A locomotive is a railway vehicle that provides the motive power for a train. Generally, a locomotive carries no payload of its own, and its sole purpose is to move the train along the tracks. In contrast, self-propelled payload-carrying vehicles may be referred to as motor coaches or railcars.
Locomotives can be operated as single traction engines to pull or push strings of non-powered cars that together form a train. The locomotive power required to get a train from one point to another depends on various sources of resistance that need to be overcome. These resistances include the length of the train, drag from bearing friction, rail/wheel deflection, head wind, terrain, etc.
Continuous sources of drag can prevent the operation of a train at a desired speed. Additionally, propelling a train up steep grades or on slippery rail can exceed a single locomotive's power or the amount of tractive effort it can supply. A trailing locomotives may be connected to what could be considered the “lead” locomotive to provide the additional horse power or torque to push or pull a train.

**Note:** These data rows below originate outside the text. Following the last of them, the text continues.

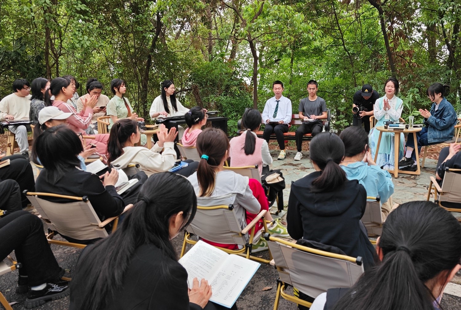 理学院于狮山林中路举办了“林中路读书会——大自然的读书会”活动,来自不同学院的近40余名师生相约树木幽幽苍翠、藤蔓花草杂生、好鸟嘤嘤成韵的大自然里共同探讨文学。经管院任汉铖同学由阅读《瓦尔登湖》提出了自己对于生活的困惑,园林院王滑老师则分享自己的经历和《看不见森林》中的动植物的复杂而微妙的关系,带领大家共同追寻生命的意义。各个学院的同学纷纷分享自己的读书感受。随后,理学院祝鑫老师与研究生周志鹏、陆飞帆不约而同地选择在现场深情朗诵《飞鸟集》里的诗句,文化办冯楠老师则深情朗读了为此次“林中路”读书会创作的诗歌《林中路之问》,参与活动的同学都感到收获颇丰。
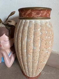 Elegante vaso decorativo, caratterizzato da una finitura effetto marmo nei toni del beige/crema con dettagli marrone/terracotta sul bordo e sulla base. Il design presenta una superficie con rilievi verticali, che dona movimento e lo rende perfetto come complemento d’arredo per casa (salotto, ingresso, camera). Ideale sia come vaso ornamentale che per fiori secchi. Dettagli • Materiale: ceramica • Colore: beige/crema effetto marmo con dettagli marroni • Design: con rilievi verticali • Utilizzo: decorativo / per fiori secchi #Vaso #ArredamentoCasa #HomeDecor #Ceramica #Decorazione #StileClassico
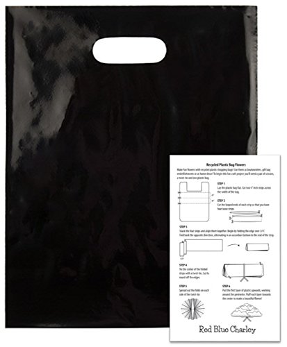 [Product Information]- 100 heavy-duty 2.25 mil glossy plastic die cut merchandise bags with handles and 1 craft instructional for making fun flowers from plastic bags.
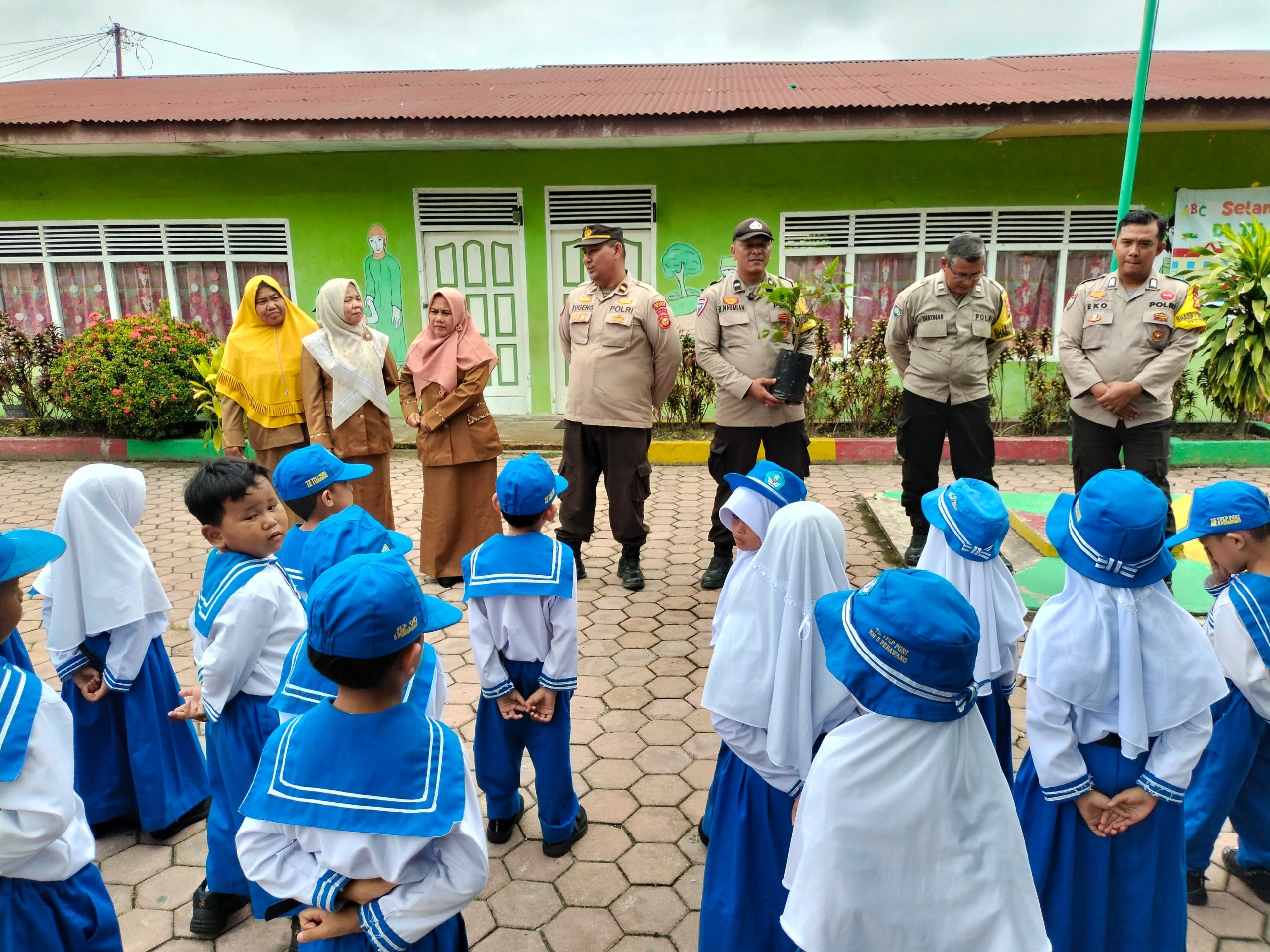 Kepala Sekolah TK YPLP-PGRI, Candra Neli, S.Pd, menyampaikan apresiasi kepada Polsek Tualang atas kepeduliannya terhadap pendidikan lingkungan bagi anak-anak.

A “locomotive consist” is a group of two or more locomotives. The locomotive consist as indicated earlier includes a lead locomotive and one or more trailing locomotives that are mechanically coupled and could be electrically coupled.
The mechanical coupling could be accomplished with a “coupler” and the electrical connection could be accomplished using the 27-pin control plug, cable and receptacle. The power and braking systems could use this control plug, cable and receptacle for communication so that the group of locomotives function together as a single unit. This 27-pin conductor cable is often referred to in the industry as the MU cable in that it physically connects multiple locomotives/units together. This connection could allow the lead locomotives to communicate to trailing units. The Association of American Railroads (AAR) specifies which functions are assigned to which pins. MU cables have been used since the 1930s to link the control systems which originally primarily consisted of relays and analog circuitry, typically communicating a simple ON/OFF state.
With advances in technology and computing devices, this basic link is no longer adequate. The ability to communicate more information, bi-directionally, and at a faster rate allows for the implementation of new processes and applications such as fuel management, advanced diagnostics, redundancy of components at a consist level, etc.
There are a number of ways to create an intra-consist network. Communication may be accomplished by adding high-speed network cables to the locomotives, or wirelessly. A wireless connection has various advantages, including retrofitting relatively easily existing locomotives, and providing a communication means between locomotives that are part of the consist but that are not electrically connected using the MU cable.
As of yet, establishing a communication network between units of a locomotive consist required the intervention of an operator. The operator would manually configure computers in each of the units by supplying each computer with the data required to connect to the network, including a password, a key code, and/or various parameters required for network communication. This process is time consuming, inefficient and prone to human errors.
The networked inter-locomotive communication systems in the prior art require considerable user intervention for setting up a network, and they are unable to automatically restore themselves in the event of an interruption.
There is a need for an intra-consist networked communication systems and methods that overcomes the above-mentioned shortcomings.